The UV-illuminated wound images were analyzed using a self-developed MATLAB program. Background signals in the blue and red channels were calculated from wound images taken prior to the addition of nanoparticle solution. These background values were subtracted from red and blue intensity values acquired after the addition of the nanoparticles. The ratio of blue channel intensity to red channel intensity was computed for each pixel to represent the ratio of fluorescence (constant in the presence of BF2nbm(I)PLA) to phosphorescence (quenched in the presence of oxygen). To map the relative amount of oxygen within the wound bed, we used the ratio of the background-subtracted blue to red channel intensity values to construct a grayscale image (low oxygen: black; high oxygen: white). We selected the wound bed as the region of interest and quantified the mean gray pixel value using ImageJ (National Institutes of Health).

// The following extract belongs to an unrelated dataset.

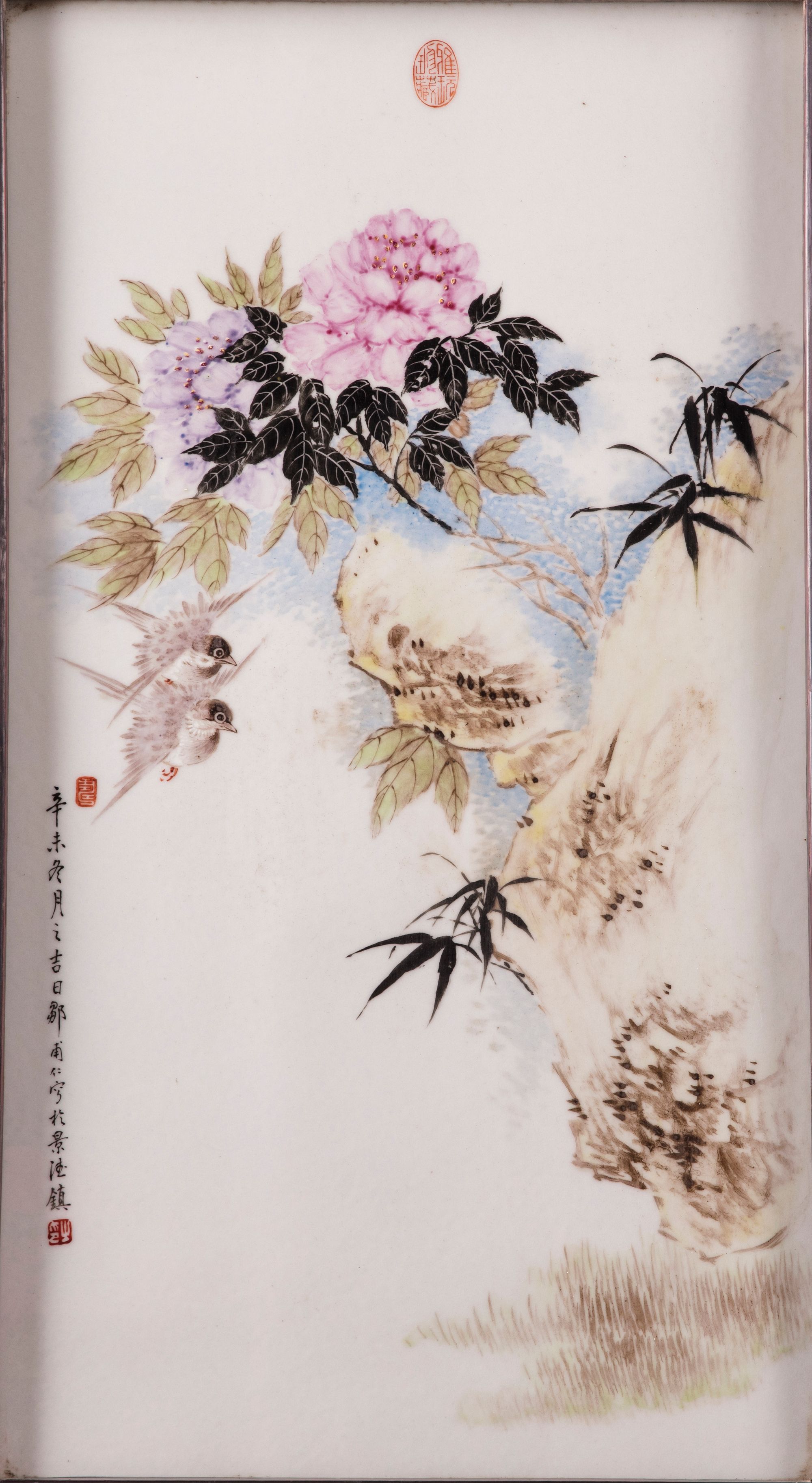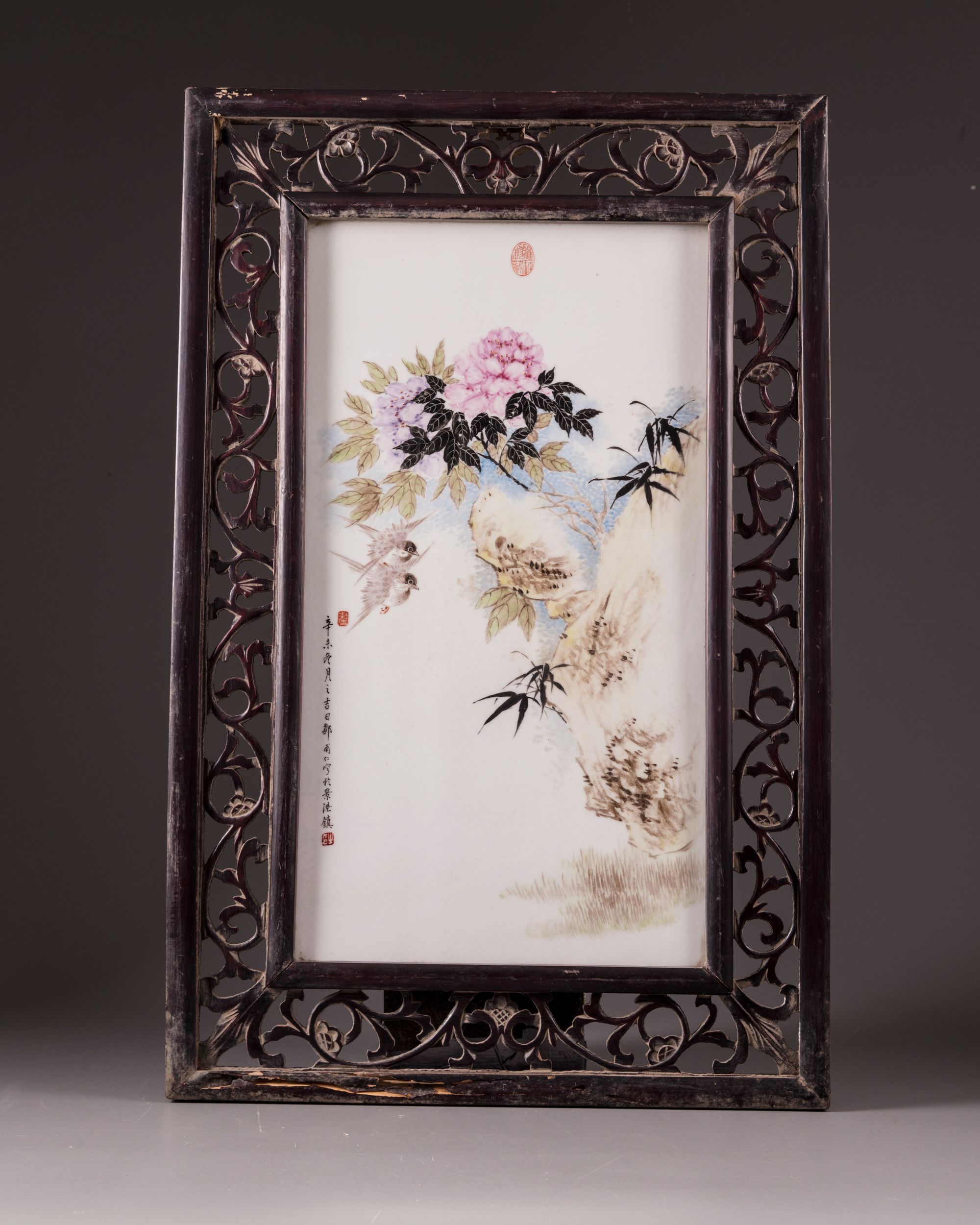 A Chinese plaque decorated with two birds and chrysanthemums.

Mice were euthanized under general anesthesia by exsanguination via cardiac puncture followed by CO2 asphyxiation. Approximately 1-mL blood was collected from each mouse into a BD Microtainer MAP (Becton Dickinson) and spun at 1,000 × g for 10 minutes at 4 °C. Plasma was isolated after centrifugation and stored in low-protein-retention micro centrifuge tubes. A 1.5 × 1.5 cm2 area of skin around the wound center was excised and snap frozen in liquid nitrogen for analysis.

Statistics

To quantitatively compare the differences between the multifaceted microvascular responses to AZD8601, NT-VEGF-A mRNA, VEGF-A protein, and citrate/saline vehicle as shown in Figs 2B, 3C, 4 and 5B, a two-way ANOVA analysis was used. For multiple comparison, Tukey correction was used to control the Type I error rate differences. In all studies, mice were randomly assigned to AZD8601, NT-VEGF-A mRNA, VEGF-A protein, and citrate/saline groups. The number of mice in each group were chosen by power analysis and previous experience.

Study approval

All experimental protocols were approved by Animal Care and Use Committee at the University of Virginia, US, and the local ethics committee on animal experiments in Gothenburg (district of Vastra Gotaland and Varmland). All animal procedures performed in this study were in accordance with Animal Care and Use Committee at the University of Virginia, US, and the local ethics committee on animal experiments in Gothenburg (district of Vastra Gotaland and Varmland) and in accordance with the animal welfare policy of Astra Zeneca.